Metamath Proof Explorer

Theorem tgcgreq

Description: Congruence and equality. (Contributed by Thierry Arnoux, 27-Aug-2019)

Ref Expression
Hypotheses tkgeom.p 
|- P = ( Base ` G )
tkgeom.d 
|- .- = ( dist ` G )
tkgeom.i 
|- I = ( Itv ` G )
tkgeom.g 
|- ( ph -> G e. TarskiG )
tgcgrcomlr.a 
|- ( ph -> A e. P )
tgcgrcomlr.b 
|- ( ph -> B e. P )
tgcgrcomlr.c 
|- ( ph -> C e. P )
tgcgrcomlr.d 
|- ( ph -> D e. P )
tgcgrcomlr.6 
|- ( ph -> ( A .- B ) = ( C .- D ) )
tgcgreq.1 
|- ( ph -> A = B )
Assertion tgcgreq 
|- ( ph -> C = D )

Proof

Step Hyp Ref Expression
1 tkgeom.p 
 |-  P = ( Base ` G )
2 tkgeom.d 
 |-  .- = ( dist ` G )
3 tkgeom.i 
 |-  I = ( Itv ` G )
4 tkgeom.g 
 |-  ( ph -> G e. TarskiG )
5 tgcgrcomlr.a 
 |-  ( ph -> A e. P )
6 tgcgrcomlr.b 
 |-  ( ph -> B e. P )
7 tgcgrcomlr.c 
 |-  ( ph -> C e. P )
8 tgcgrcomlr.d 
 |-  ( ph -> D e.
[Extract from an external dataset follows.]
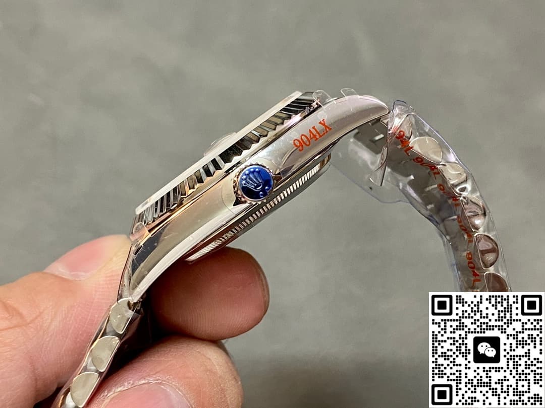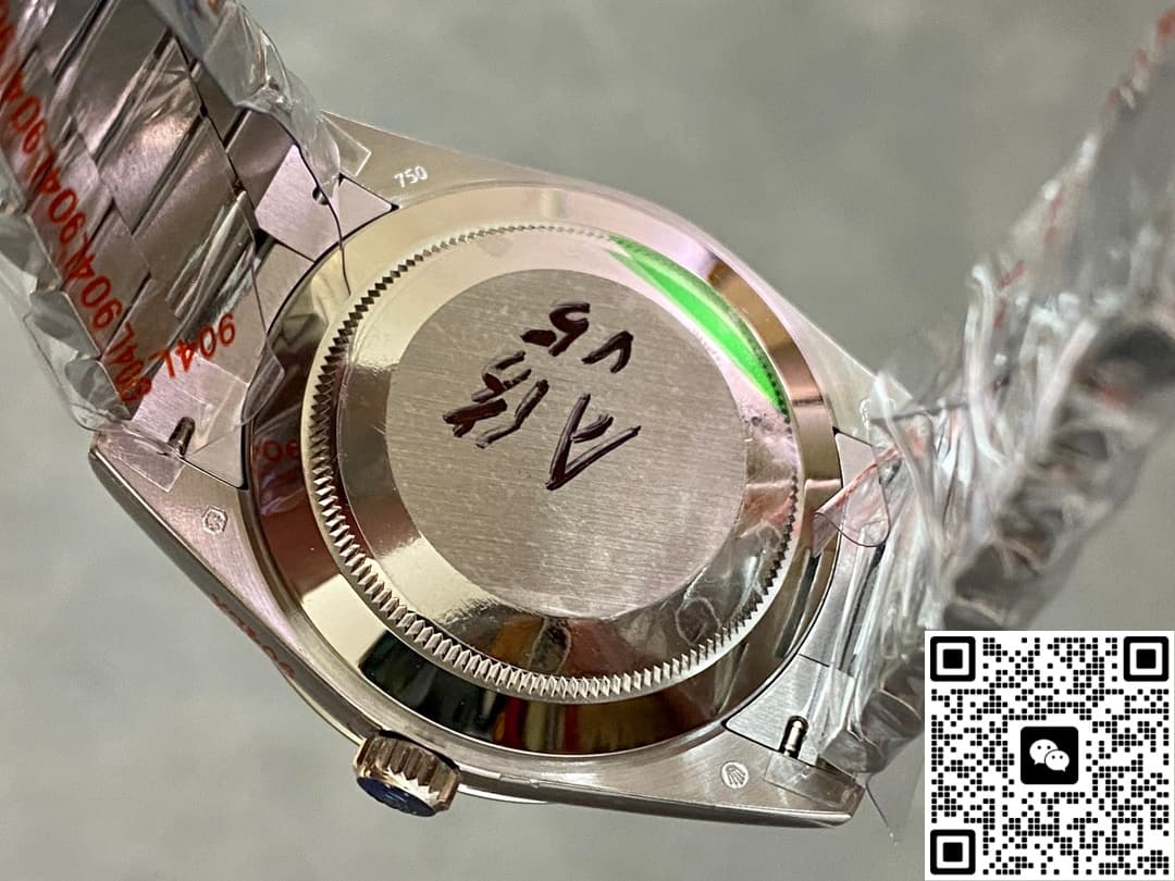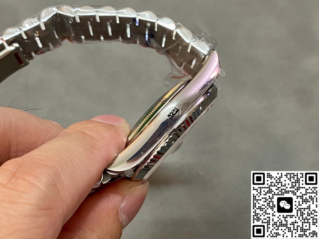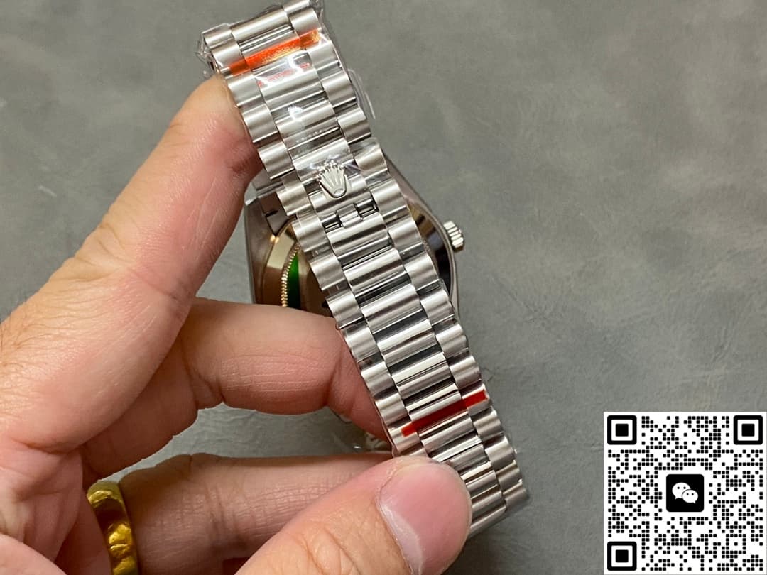 For the case and bracelet, QF Factory insists on using full 904L steel. This type of steel has higher nickel and molybdenum content and was originally used in corrosive industrial environments. In daily wear, it stays clean against sweat, seawater, or rain, without the rust spots common in traditional 316L steel. To achieve a visual temperature close to the genuine white gold version, QF Factory applies a 0.3‑micron white‑gold‑colored hard coating in a vacuum chamber using physical vapor deposition. From the side, it shows a cool silvery shine; from the front, it gives off a soft glow depending on the light. This creates a gradient from light to dark alongside the muted silver-gray of the meteorite dial, making the whole watch rich in layers. What’s even more impressive is that QF Factory added weight adjustment to this three-piece arched President bracelet. The total watch weight is around 183 grams, so the moment you put it on, you feel a solid, weighted presence on the wrist—completely avoiding the lightweight impression common in replicas. It gives the wearer a heft feedback similar to the precious metal version with every movement.

P )
9 tgcgrcomlr.6 
 |-  ( ph -> ( A .- B ) = ( C .- D ) )
10 tgcgreq.1 
 |-  ( ph -> A = B )
11 1 2 3 4 5 6 7 8 9 tgcgreqb 
 |-  ( ph -> ( A = B <-> C = D ) )
12 10 11 mpbid 
 |-  ( ph -> C = D )